Each value maps to a **stable IAB 3.0 ID** that is appended to the `cat` array.

---

## ✅ IAB 3.0 Conformance Notes
- Emits **IDs** for `content.cat` and sets **`"cattax":"<enum>"`**.  
- Supports **multiple categories per content** (topic IDs + vectors).  
- **Strict ID validation**: only IDs present in your 3.0 catalog are emitted.  
- **SCD-aware**: show SCD flags and optionally exclude (`--drop-scd`).

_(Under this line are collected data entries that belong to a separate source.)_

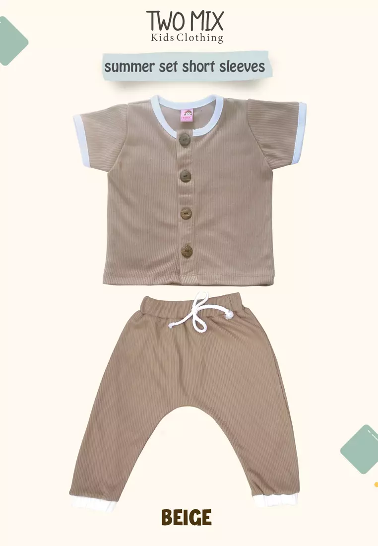 Two Mix - One Set Outfit Setelan Baju Bayi Anak Laki-Laki / Perempuan Celana Panjang 0 6 12 Bulan - 1 2 Tahun 4360B Beige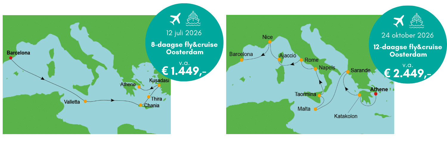 Boekt u vóór 31 december 2025 één van de deelnemende Fly & Cruise Middellandse Zee pakketreizen,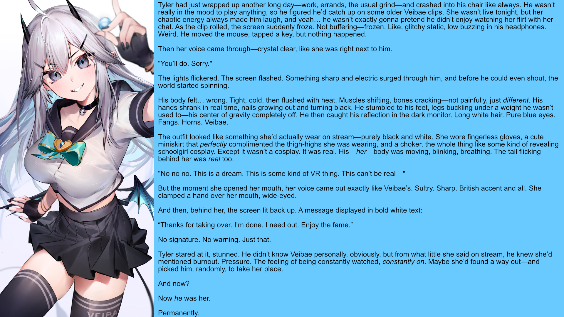 His body felt… wrong. Tight, cold, then flushed with heat. Muscles shifting, bones cracking—not painfully, just different. His hands shrank in real time, nails growing out and turning black. He stumbled to his feet, legs buckling under a weight he wasn’t used to—his center of gravity completely off. He then caught his reflection in the dark monitor. Long white hair. Pure blue eyes. Fangs. Horns. Veibae.

> This tool is **not affiliated with IAB**. It is an independent utility for compatibility with IAB Content Taxonomy.

---

## 🔬 Evaluation (recommended)
Create a small gold set for your domain and run periodic checks:
```bash
# (pseudo) compare mapped.json to gold.json for accuracy & unmapped rates
python scripts/eval.py mapped.json gold.json
```
Gate releases on accuracy deltas so behavior stays stable for audits.

---

## 🛠️ Updating Catalogs
Replace the stub JSONs in `iab_mapper/data/` with your official datasets:
- `iab_2x.json` → include `code`, `label`
- `iab_3x.json` → include `id`, `label`, `path[]`, `scd`
- `synonyms_*.json` → org-specific aliases
 - `vectors_*.json` → official vector catalogs mapping values to stable 3.0 IDs

Commit with a version bump and note `taxonomy_version` in your release notes.

---

## 🧯 Troubleshooting
- **No matches:** lower `--fuzzy-cut` or enable `--use-embeddings`.
- **Weird matches:** raise thresholds; add synonyms into `synonyms_*.json`.
- **Offline:** pre-bundle ST model; set `--emb-model` to a local folder path.
- **CSV issues:** ensure UTF-8 and header row (`label` required).
 - **Unmapped:** inspect `--unmapped-out` and add overrides/synonyms as needed.

---

## 📦 Example Commands
```bash
# Strict fuzzy only
mixpeek-iab-mapper sample_2x_codes.csv -o mapped.csv --fuzzy-cut 0.95

# Embeddings on, drop SCD, max 2 topics, custom cattax, collect unmapped
mixpeek-iab-mapper sample_2x_codes.csv -o mapped.json --use-embeddings --drop-scd --max-topics 2 --cattax 2 --unmapped-out misses.json
```

---

## 📜 License
TBD by Mixpeek. Include IAB attribution in your deployed UI/footer:
> “IAB is a registered trademark of the Interactive Advertising Bureau. This tool is an independent utility built by Mixpeek for interoperability with IAB Content Taxonomy standards.”